TL;DR - After my ipsec tunnel is up and running for sometime, intermittently the iptables rule to MASQUERADE traffic coming from the other end of the tunnel does not work for sometime.
I have a private subnet in AWS, where all traffic needs to be routed through a gateway VM running Centos 7.3 in our data centre. The gateway VM is behind the data centre firewall and NAT'ed behind a public IP. The setup goes:
AWS Subnet (10.10.101.0/24) <- ipsec tunnel -> Gateway VM (10.10.110.245)
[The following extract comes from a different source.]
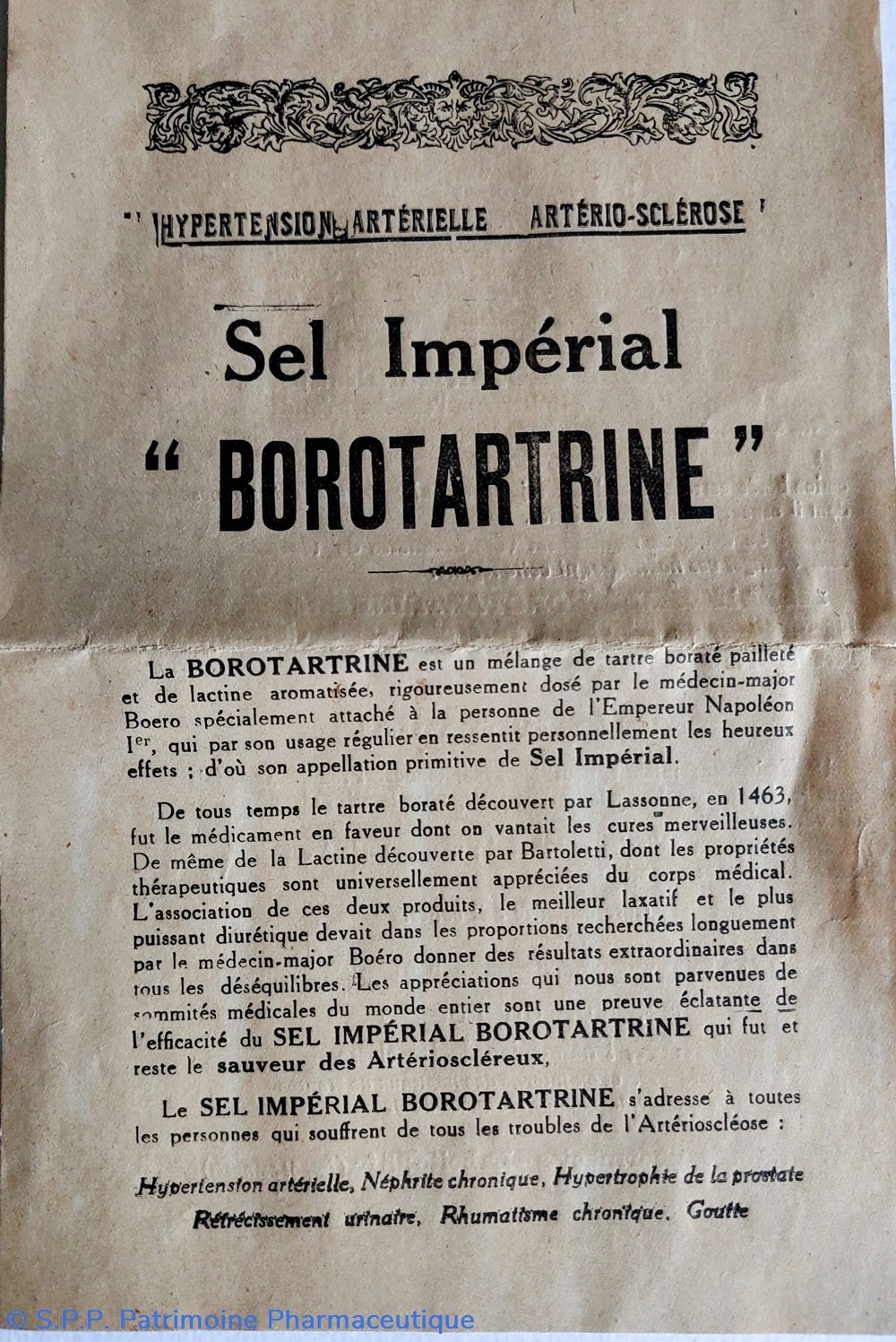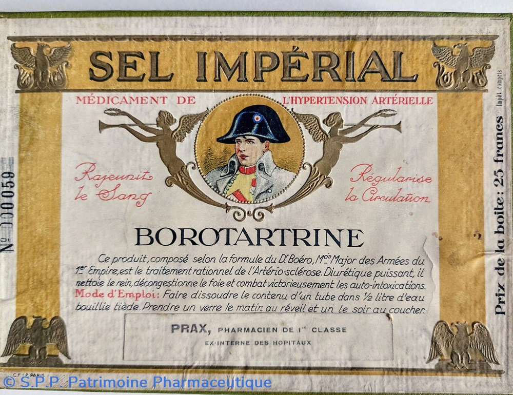 Medicament de l'hypertension artérielle et arterio- sclérose composé par le médecin major attaché à la personne de l'empereur Napoléon.

I exported the site-to-site VPN configuration from AWS for OpenSwan, and installed ipsec on the gateway VM. The ipsec.conf looks like this:
conn Tunnel1
type=tunnel
authby=secret
auto=start
left=%defaultroute
leftid=<Gateway VM public IP>
leftsubnets={10.10.110.245/32, 0.0.0.0/0,}
right=<AWS IP>
rightsubnet=10.10.101.0/24
ikelifetime=8h
keylife=1h
phase2alg=aes128-sha1;modp1024
ike=aes128-sha1;modp1024
keyingtries=%forever
keyexchange=ike
dpddelay=10
dpdtimeout=30
dpdaction=restart_by_peer
I configure the sysctl per AWS instruction:
net.ipv4.ip_forward = 1
net.ipv4.conf.default.rp_filter = 0
net.ipv4.conf.default.accept_source_route = 0
Then configure the firewall to masquerade all packets coming from the AWS subnet:
iptables -t nat -A POSTROUTING -s 10.10.101.0/24 -j MASQUERADE
Finally I start the ipsec tunnel. The tunnel is up and running and initially the machines in AWS subnet can reach out to the internet (ping 8.8.8.8). Tcpdump on the gateway VM (10.10.110.245) shows packets arriving from AWS side and getting correctly masqueraded with the VM's ip address initially.
However, after some time (around 1 hour usually), the gateway VM no longer honour the masquerade rule in the iptables. Tcpdump on the gateway VM (10.10.110.245) shows ICMP packets arriving from AWS subnet, destined for 8.8.8.8, but they do not get masqueraded. Hence no response is coming back from the remote side.
When this happens, the log in /var/log/pluto.log shows the following:
Sep 1 18:51:29.013427: "Tunnel1/2x0" #4: initiating Quick Mode PSK+ENCRYPT+TUNNEL+PFS+UP+IKEV1_ALLOW+IKEV2_ALLOW+SAREF_TRACK+IKE_FRAG_ALLOW+ESN_NO to replace #3 {using i
sakmp#1 msgid:6a19c08b proposal=AES_CBC_128-HMAC_SHA1_96-MODP1024 pfsgroup=MODP1024}
Sep 1 18:51:29.091604: "Tunnel1/2x0" #4: STATE_QUICK_I2: sent QI2, IPsec SA established tunnel mode {ESP/NAT=>0x694e0f34 <0xb094bfa2 xfrm=AES_CBC_128-HMAC_SHA1_96 NATOA=none NATD=<AWS_IP>:4500 DPD=active}
Sep 1 18:54:58.974795: "Tunnel1/1x0" #5: initiating Quick Mode PSK+ENCRYPT+TUNNEL+PFS+UP+IKEV1_ALLOW+IKEV2_ALLOW+SAREF_TRACK+IKE_FRAG_ALLOW+ESN_NO to replace #2 {using isakmp#1 msgid:53ff8204 proposal=AES_CBC_128-HMAC_SHA1_96-MODP1024 pfsgroup=MODP1024}
Sep 1 18:54:59.050329: "Tunnel1/1x0" #5: STATE_QUICK_I2: sent QI2, IPsec SA established tunnel mode {ESP/NAT=>0x0e9d2c4a <0xe1c78e2c xfrm=AES_CBC_128-HMAC_SHA1_96 NATOA=none NATD=<AWS_IP>:4500 DPD=active}
At 18:54:59, the ping to 8.8.8.8 from AWS subnet stopped getting response.
What could cause this to happen? How do I fix this?
I also noticed that if I create the iptables masquerade rule AFTER starting the ipsec tunnel, the rule never gets honoured and packets do not get masqueraded. I think this might be related?